▶ [GIVEN MATERIAL]:
▬▬▬▬▬▬
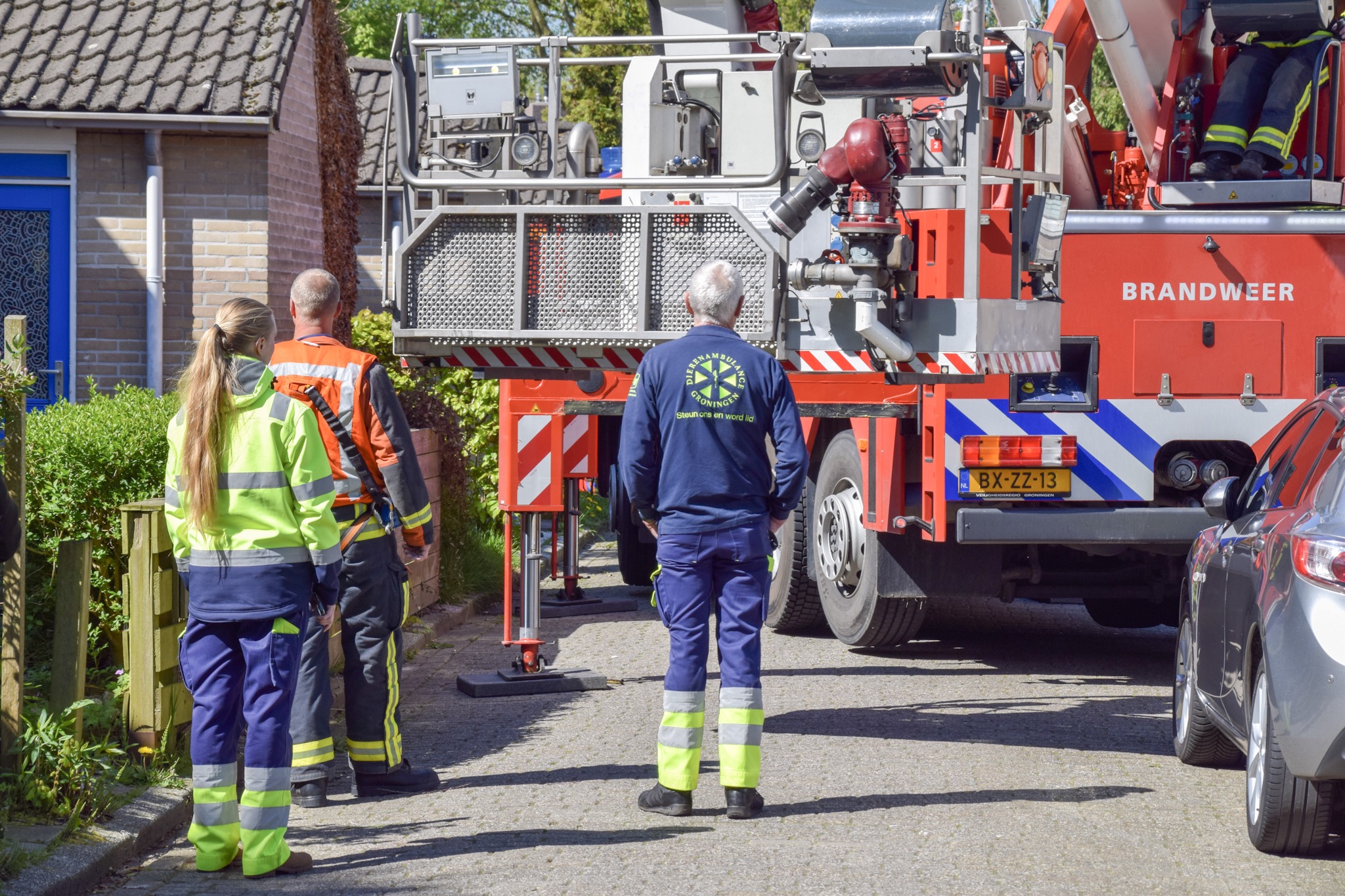 Omdat medewerkers van de dierenambulance er niet bij konden komen werd de hulp van de brandweer gevraagd.
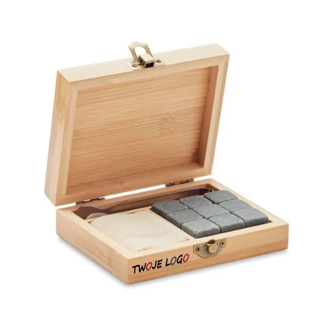 Zestaw do whisky w bambusowym pudełku. Zawiera kamienie wielokrotnego użytku, bawełnianą sakiewkę i szczypce. Bambus jest produktem naturalnym, dlatego mogą występować niewielkie różnice w kolorze i rozmiarze poszczególnych elementów, co może mieć wpływ na ostateczny efekt zdobienia.
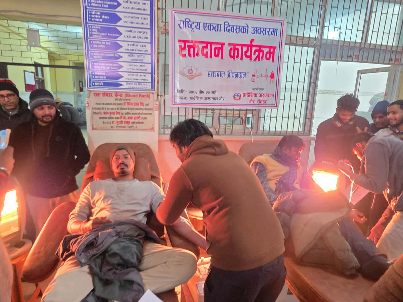 गाैर । राष्ट्रिय एकता दिवसको अवसरमा रौतहट जिल्लाको सदरमुकाम गौरस्थित प्रादेशिक अस्पताल गौरमा रक्तदान कार्यक्रम भव्य रूपमा सम्पन्न भएको छ । अस्पतालका अध्यक्ष अवधेश यादवको सक्रियतामा आयोजित उक्त कार्यक्रम अस्पताल प्रशासनको समन्वयमा विभिन्न सामाजिक संघ–संस्था, स्वास्थ्यकर्मी तथा स्थानीय युवाहरूको उल्लेखनीय सहभागितामा सम्पन्न भएको हो ।
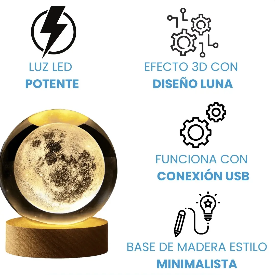 ¡Iluminá tus noches con la magia de la luna llena! 🌕 Presentamos esta sofisticada lámpara que combina el arte del grabado láser 3D en cristal con la calidez de la madera natural. Perfecta para transformar cualquier rincón de tu hogar en un espacio acogedor y mágico. 🪵💡
▬▬▬▬▬▬
▶ [THE PROBLEM]: Pictures aside, write out verbatim every line from the first line of the material through the line holding "Zestaw do whisky".

▶ [RESPONSE]:
 Omdat medewerkers van de dierenambulance er niet bij konden komen werd de hulp van de brandweer gevraagd.
 Zestaw do whisky w bambusowym pudełku. Zawiera kamienie wielokrotnego użytku, bawełnianą sakiewkę i szczypce. Bambus jest produktem naturalnym, dlatego mogą występować niewielkie różnice w kolorze i rozmiarze poszczególnych elementów, co może mieć wpływ na ostateczny efekt zdobienia.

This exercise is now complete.